前稿において、私の合唱歴の概略を記載してみた。その道筋を辿りながら、思いつく事柄を記述してみたい。
まず、最初に気づいたことが1960年(昭和35年)スタートということである。中学、高校で授業以外での合唱経験はなく(実際は、授業でもほとんど合唱はなかった)、大学に入ってからは、合唱の講座は受けていたが、合唱団に正式に所属したのは1960年4月であった。はなはだ遅いスタートではあったが、年月を重ねて、なんと今年が60年目を迎えたことになる。ということにも気が付いた。
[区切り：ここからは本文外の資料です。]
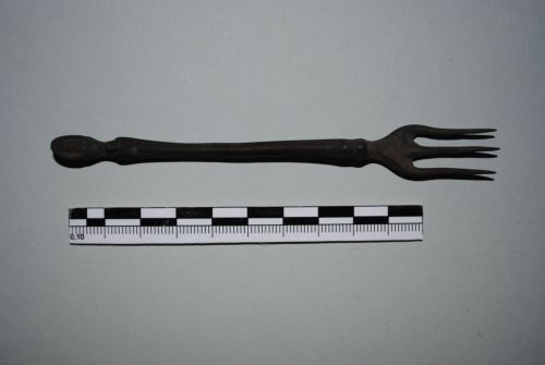 Forchetta a tre rebbi piccoli su base stondata. Manico angolato a sezione circolare, terminante in uno zoccolo.
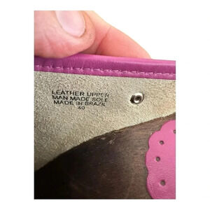 Hanna Andersson leather clogs womens sz 40. Pink floral leather and wood clogs with a 2” heel. Scalloped detail and adjustable leather strap can flip up or down to go around heel. So fun for spring and summer. Great used condition with minor wear on wood. From a smoke free and pet free home.
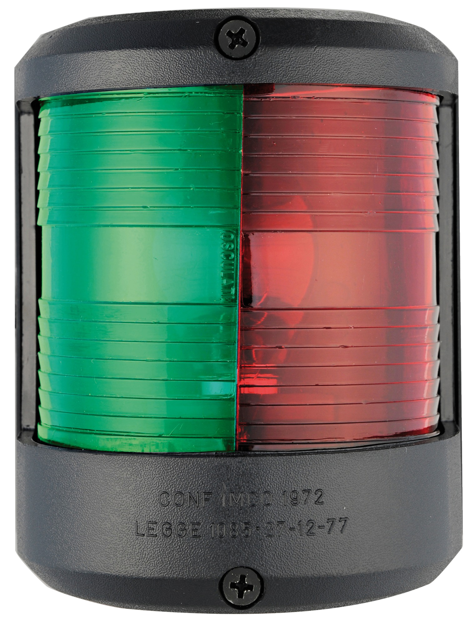 Kulkuvalo alle 20m aluksille - 12 V - Vihreä/Punainen 112.5° + 112.5° combi. 12V 25W RINA hyväksytty Musta kuori

最初に所属した学芸大学岩見沢校混声合唱団は、団員のほとんどが音楽研究室所属の学生で構成されていて、指揮者は大学の教授(声楽)でもあった荒又綾子先生、そして、非常勤講師であった武藤敏郎先生が副指揮者的存在であった。同じ研究室仲間ということもあって、とてもチームワークの良い団体であった。合唱連盟主催のコンクールにも出場していたので、夏休みには合宿もやっていた。合宿中の夜、猛暑の学生寮から抜け出して、男子一同で遊泳禁止の大正池で泳いだこともあった。懐かしい思い出である。
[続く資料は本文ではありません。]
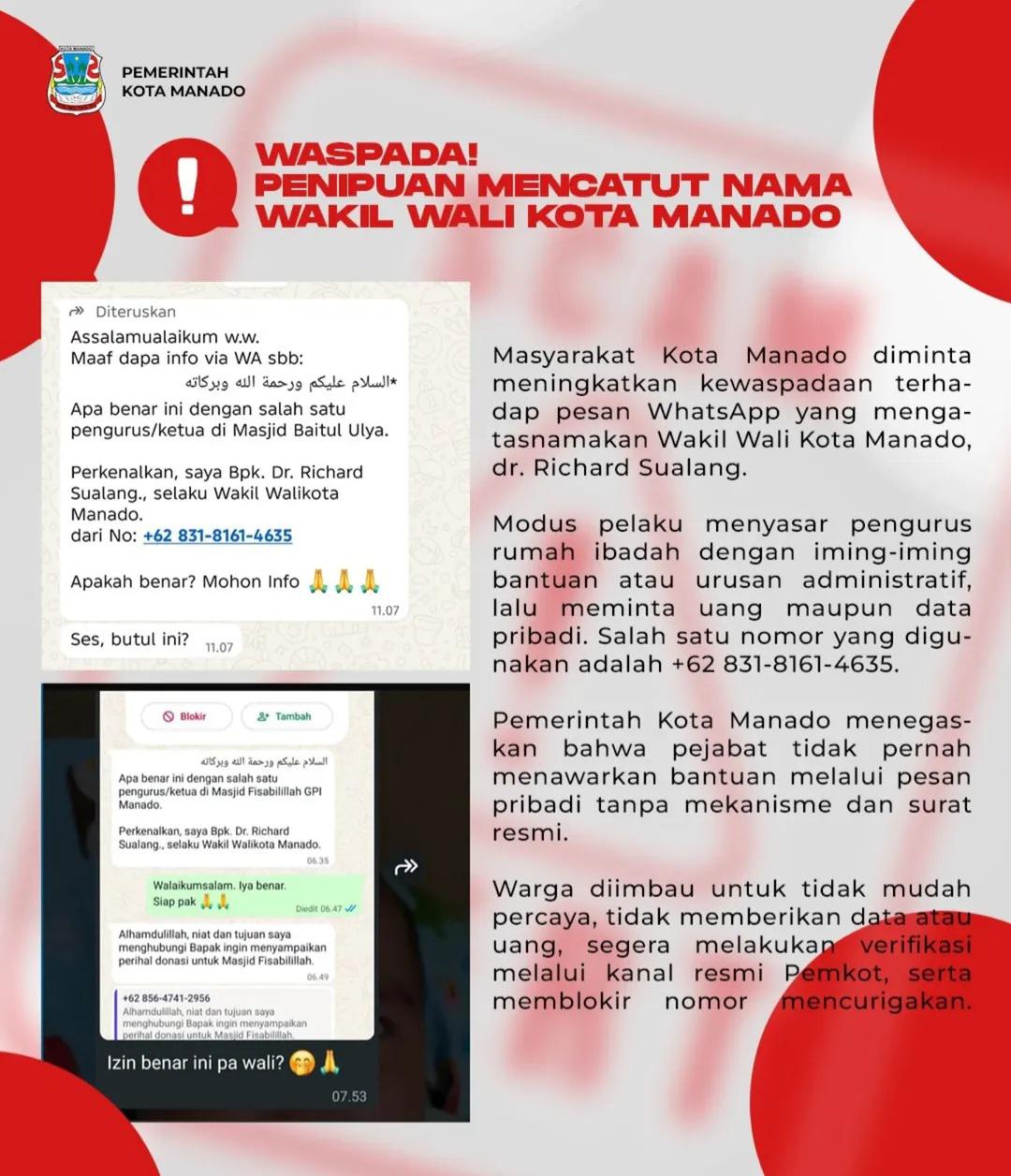 MANADO, NyiurNews.com – Masyarakat Kota Manado diminta meningkatkan kewaspadaan terhadap pesan WhatsApp yang mengatasnamakan Wakil Wali Kota Manado, dr. Richard Sualang. Modus pelaku menyasar pengurus rumah ibadah dengan dalih menawarkan bantuan atau mengurus administrasi tertentu, lalu berujung pada permintaan uang maupun data pribadi. Salah satu nomor yang digunakan dalam aksi tersebut yakni +62 831-8161-4635. Pemerintah Kota Manado menegaskan, pejabat pemerintah tidak pernah menawarkan bantuan melalui pesan pribadi tanpa mekanisme yang sah dan surat resmi. Warga diimbau untuk tidak mudah percaya terhadap nomor tak dikenal, tidak memberikan data maupun uang, serta melakukan verifikasi melalui kanal resmi Pemkot sebelum mengambil langkah lanjutan.

大学生活の後半は、札幌校で過ごした。このころは、それほど合唱に熱くなっていたわけでもないが、何故かグリークラブ(男声合唱団)に所属した。そして、突然、音楽専攻生というだけの理由で副指揮者に指名された。それまで、指揮の経験は皆無であったが断固固辞する理由も見当たらず、引き受けてしまった。そして、最終学年ではトコロテン式に、正指揮者となったのだが、不慣れで、不熱心な指揮者であったので、当時の仲間には迷惑をかけてしまった。しかし、指揮者としては悩みながらも、同じころに、札幌ジングアカデミー、札幌放送合唱団、アポロ男声合唱団(小樽市)などで歌う機会を得て、貴重な経験をさせていただいた。